Simpler the process, richer the experience

My friend Daniele and I learn through experience, and like to share what we learn. We are inspired by wild landscapes, and excited by the opportunity to experience the planet by foot, bicycle, snowboard, rope, sailing boat, kayak, or any other self-propelled mode of transportation. We have a disdain for any outdoor activity, that often people call ‘sport’, which requires the use of an engine. We firmly believe that there is not good or bad weather, but only good or bad equipment and, where possible, our sleeping bag is always preferred to duvet covers and blankets.
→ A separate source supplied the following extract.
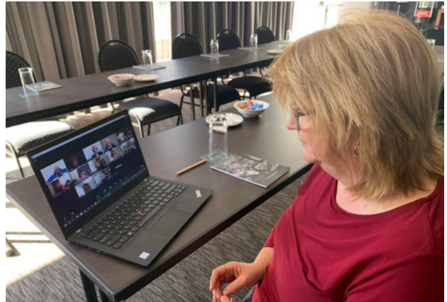
Carmel participating in one of the group sharing opportunities.

Over the years we learned that simplify is key in life: simpler you make things, richer the experiences become.

We crave the uphill, as it were the only direction that mattered. We both find solace in isolate and steep places. We crave northern climates and high latitudes for balance, guidance, and healing landscapes. To us, the hard work of the uphill pace comes naturally. We were borne for it. We are charged simply by being in our element, and the rhythm of our climbs is in no way disrupted by the anticipation and focus required for the downhill.
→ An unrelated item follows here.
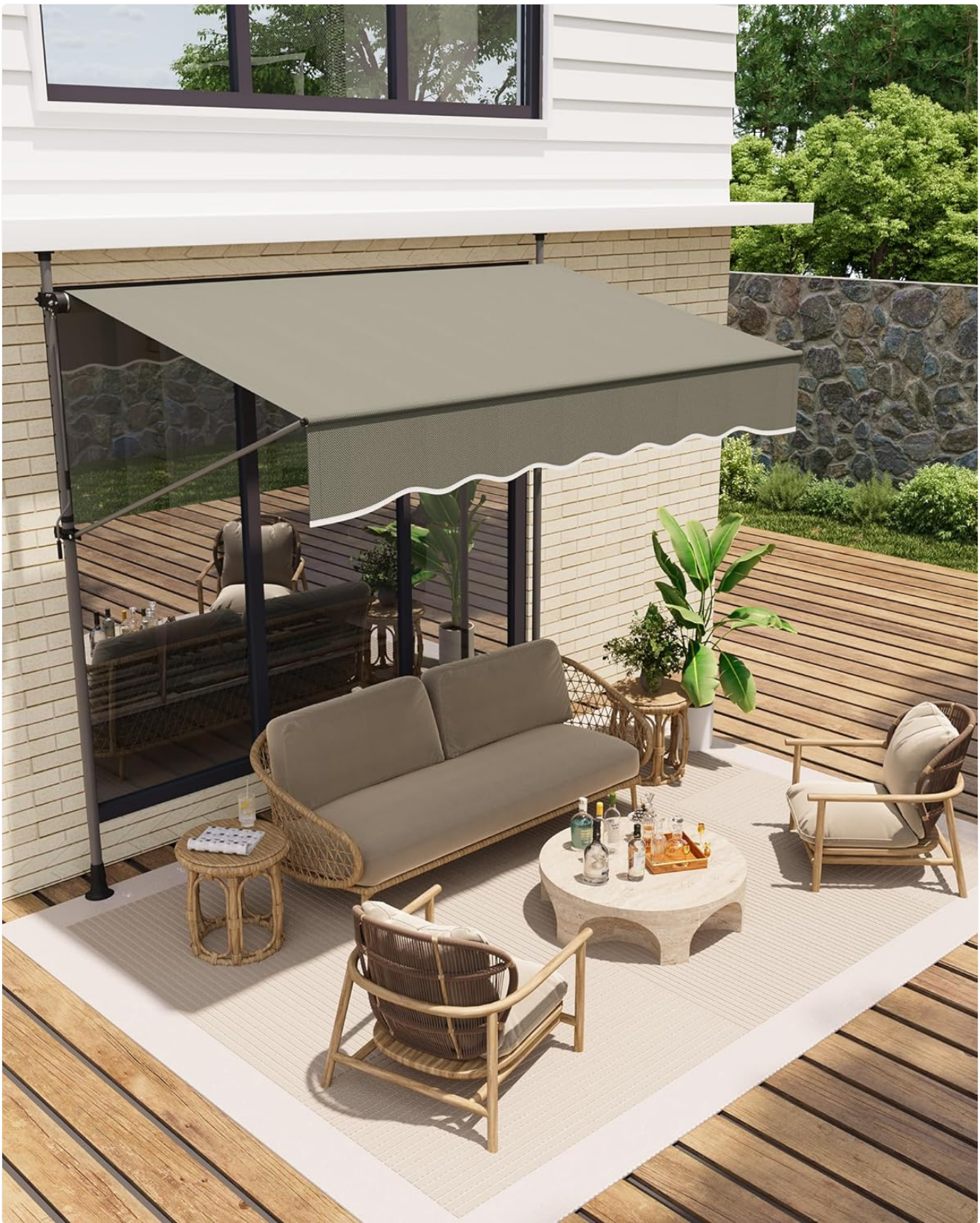
Figure 4.2: Example of a fully installed Garvee awning on a patio.

There was a time when I thought we had lost this amazing connection we always had, since we met through the Boy Scouts aged 7. When his daughter Alice arrived, I was sure he had lost his dream. But a flicker never stopped burning, and refused to die out completely. Now, seven years and two children after what I thought was the death of his dream and motivation, I understand that there was no death. What I could not possibly understand then, was that his priorities had simply changed. Love and nurturing had replaced snowboarding and travelling with his friends as his biggest thrill. He was living his dream. And that’s what made me think that reality if often far sweeter than a dream could ever be.
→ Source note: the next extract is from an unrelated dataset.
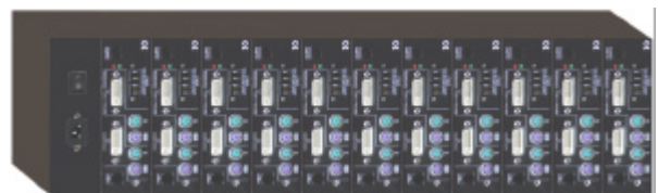
Dual transmitter - 10 module rack

Although his family life and job as civil engineer (he’s currently supervising the construction of two new underground lines in Rome) don’t leave him much time to play, at least once during the winter, Daniele packs his splitboard and mountain gear and come out to visit me.

Later in the season you are, earlier the alarm rings: it’s 6am and Daniele, still wrapped in his sleeping bag, doesn’t seem too excited about going splitboarding.

Today we’ll try to get to the Refuge de Sales. The plan is to climb through the trees and behind the big peak. Daniele looks a lot more awake than half an hour ago.

Splitting the board and setting the bindings for touring is a mystic moment for him.

A very excited Daniele showing me the different rock layers on the face in front of us. Did I already mention his has a geeky side? Deep excavation is one of his favorite subjects.

When the geology lesson is over, we keep moving through the forest.

This is a very easy tour, perfect to stretch the legs and enjoy some lovey views. The ski resort of Flaine is behind the rock face on the right.

Daniele showing off all his grace and fitness while negotiating an obstacle on the path.

We are out of the trees.

We are going to skin through this valley in the hope of finding a passage around the Cascade de Tranant. We are actually following the summer path. During the winter, this waterfall is normally frozen, so people do the opposite route. They start off in Flaine and rappel down the waterfall.


Although it’s still early, the temperature is rising quickly. The south facing slope on our right hand side has already heavenly avalanched, and we could probably boot back along it. What concerns me is the slope just above the rocks.



Today we don’t really have a clear objective. It’s Daniele’s first day out on snow this winter so, although I would love to take him somewhere nice and complete a proper long tour, I also want to be safe. We talk about it and he’s just happy to be here and share a day out in these peaceful mountains. So we decide to hike this small slope and then ride down on the path we came up from. It’s short, but it’s safe, and the snow looks ace. Perfect spring corn.

As we get to the bottom of it, just before entering the trees again, we hear a very loud sound. We look up on the other side of the valley and we see a big avalanche coming down one of the upper slopes. I am quick enough to grab my camera and take a photo of the last part of it. It was a big one, and it came down from a slope whit a very similar aspect to the one we were thinking of boot packing.

Sometimes it takes more confidence and experience to walk away from a mountain than to climb it.